Sunday, September 14, 2014

George at One Year, Part Three

This kid loves swimming.  So much.  The funniest part is that George seriously believes that he can swim on his own and gets upset at us when we don't allow him to swim around.  But yeah, he totally cannot swim.  He sinks.  Trust us.

George has become quite the Mocking Jay.  (Ha, Hunger Games reference.  High five.)  He'll just randomly mimic our noises or words.  And, in true parent fashion, we freak out and gush every time he does it.  It's just SO CUTE.  It literally makes our day each time it happens.  And then we talk about it for the next three days or so.

George says, "bed time", "kitty", basically all of the colors, "Brandon", "baby", "bed time", "bum change", among many others.  He still says "grandpa", "blue", "Mom", and "Dad" the most.

Pulling himself up even more than usual and getting more and more daring about it.  Yeah, um, yikes.  Like the roll-out garbage can, people's legs, any and every precarious object...

He can go down the stairs... but only two steps.  That's his limit, apparently.

George is understanding and taking direction, which I guess he's done for a while, but I just starting noticing it more because more and more my direction is to keep him from killing himself, hahaha!  Yep.  "George, can I have that, please?" is a big one to get stuff out of his mouth.  He ate a piece of vinyl this morning (August 16), true story.

Each time George sees his reflection he stops and has to wave and flirt with himself.  Once he figures out that it's him, he has to find something, crawl back to the mirror, and watch himself playing with/using said object.  It's pretty hilarious.

George randomly decided to hate bed time, which was lame.  He's always been great about laying in his bed; even if he doesn't fall asleep, he's still happy most of the time until he does fall asleep.  This month had him freaking out once he figured out Brad or I wasn't in the room.  Awkward.  Luckily we've smoothed it over and he's back to sleeping and far less boobing about the fact that Mom and Dad don't want to hang out with him at 3:00 AM.  George, trust me, there's no one I'd enjoy spending time with at the butt-crack of dawn.  This is not an insult specifically against you.

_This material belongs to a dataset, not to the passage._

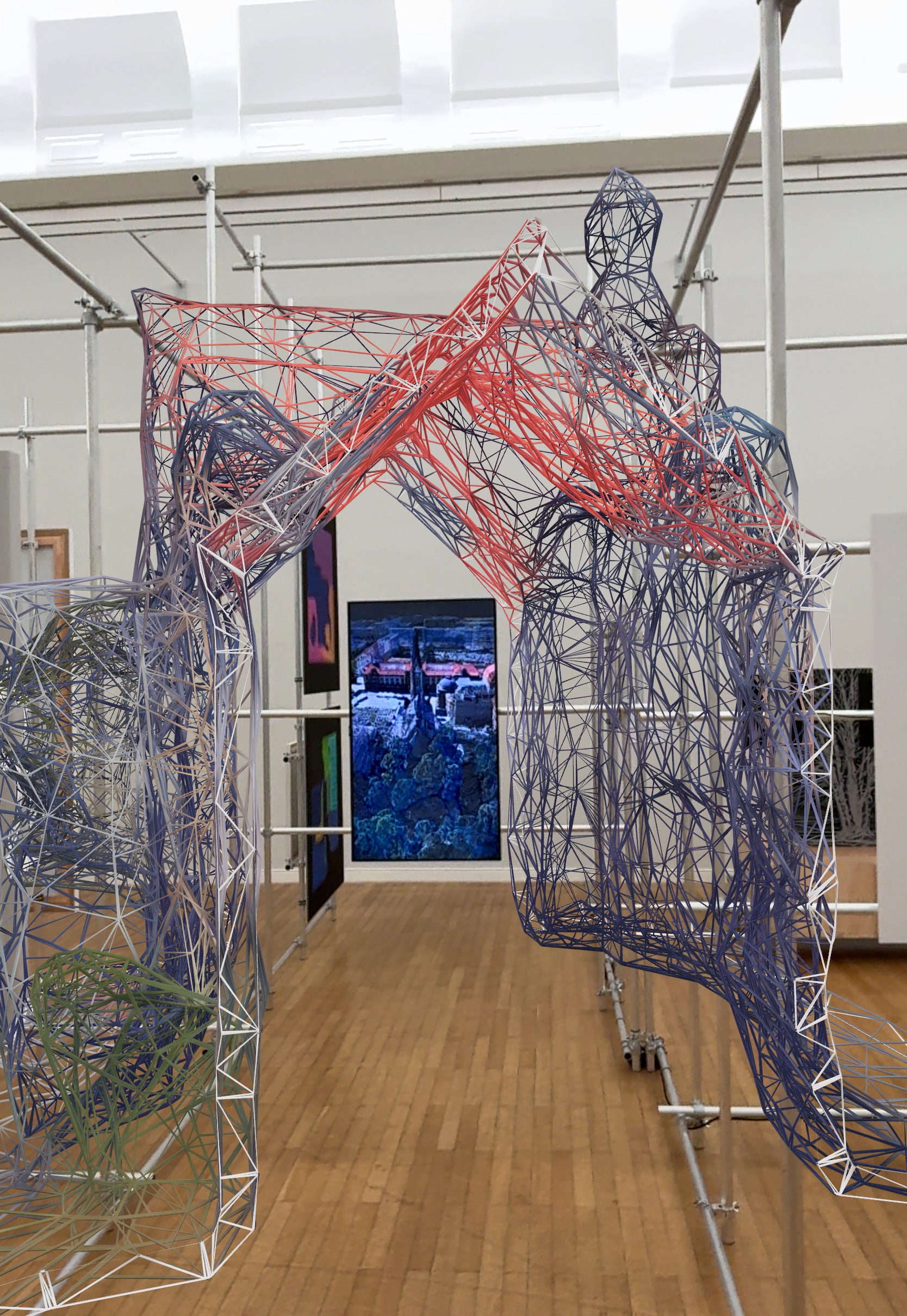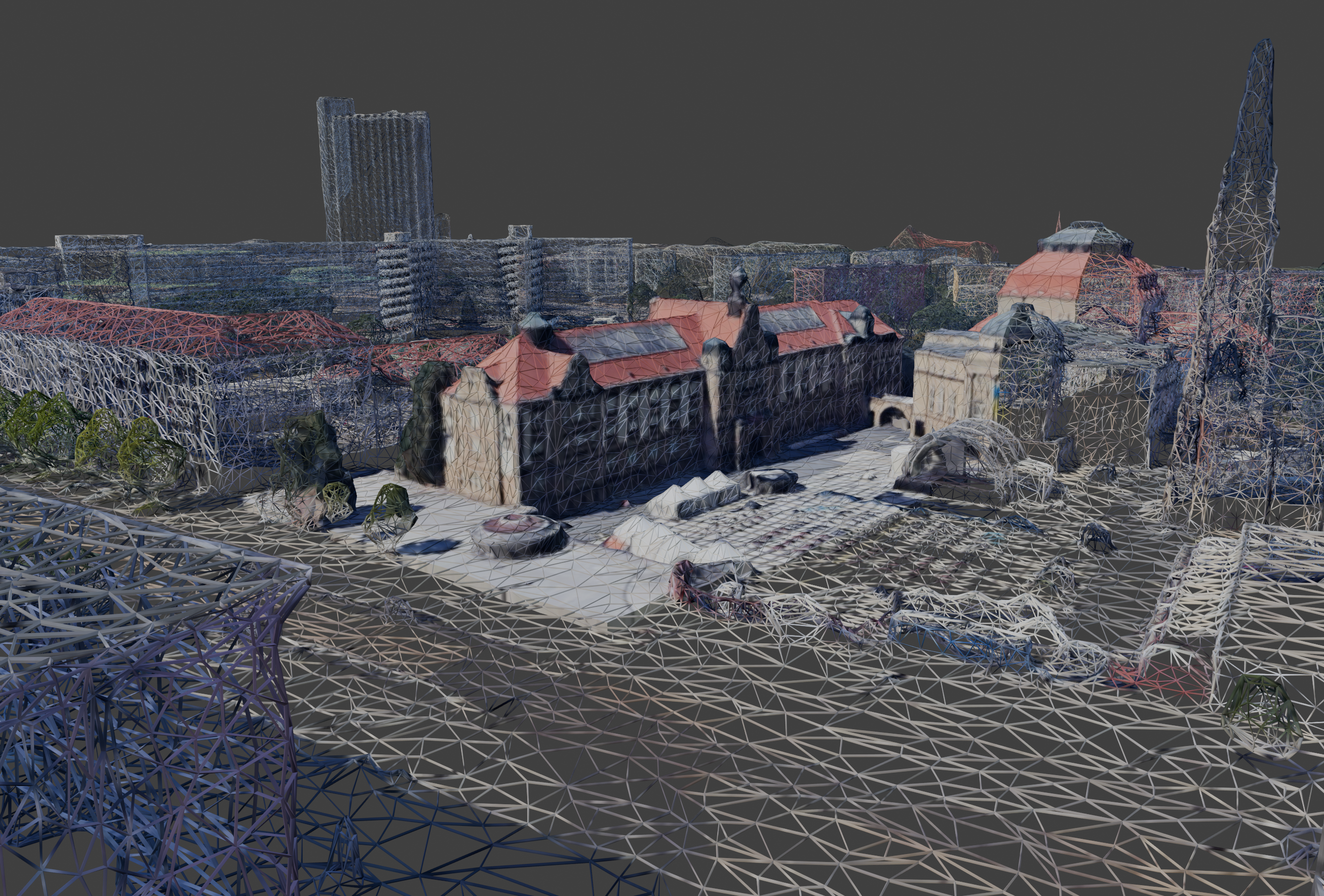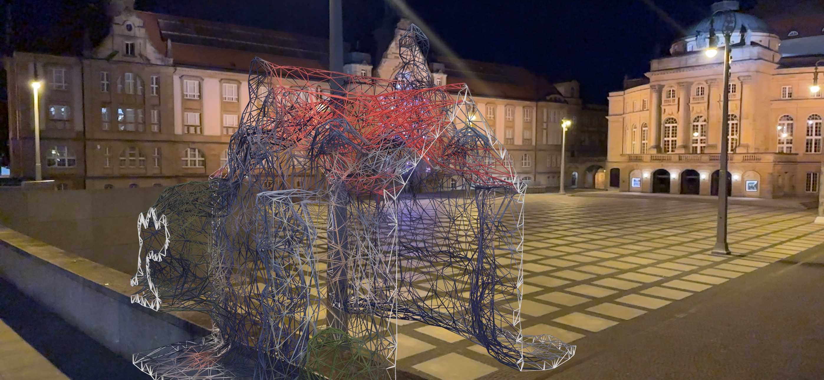 Since 2018, Mohné has been working with three-dimensional models of urban structures based on data from virtual globes such as Google Earth. A specially developed, analogue-digital process in which the artist creates images of the selected location from all sides using virtual "camera drones" in the Google Earth app rather than in real space, and processes them further via photogrammetry, serves as the basis for a site-specific work that "mirrors" the direct surroundings of the gallery space. The virtual model of the neighborhood, realized as a video, augmented reality aswell as the 3D-printed Sculpture appears distorted, the forms simplified, glitches and disturbances create alienation, caused by the algorithms as well as the artistic intervention in the software. The juxtaposition of the real place with its virtual counterpart reveals an ambivalent relationship between the recorded space and its image. In these projects, the artist addresses the new three-dimensional media as a continuation of landscape painting and architectural photography. Just as these have influenced our perception of nature up to now, the new virtual three-dimensional simulations as a new form of documentary images will also shape our relationship to the world.

He's developed this weird mini-temper-tantrum thing lately.  Basically it looks like his constipated, vocally grunting and clenching his fists while his face goes red.  He'll do this for a split second before gasping for air.  It's sort of hilarious.  But also, you know, sort of like, "What the heck, dude?  What's with the tantrum?"

George is a climber, but not in the most logical sense.  He basically tries to climb everything that he shouldn't and that's also dangerous.  Especially the fireplace mantel-area, which is rock-hard concrete and has no-where to move around so I have no idea why it's attractive.

More and more George understands what we're saying and it's pretty freaking cool.  I can ask him, "Can I see that?" and he'll hand me what he's got.  This works most of the time when he's put something in his mouth, but sometimes he's determined to eat the piece of paper he's put in there and he'll run away.  Again, super funny... but also, "What the heck, dude?"

Often when George crawls and he's ready to do it at full speed he'll literally put his head down like he's a charging rhino or something and then he'll just zoom forward... without looking where he's going.  He'll often trip himself or almost run into people or walls.  He'll literally face plant from excitedly crawl-charging like this.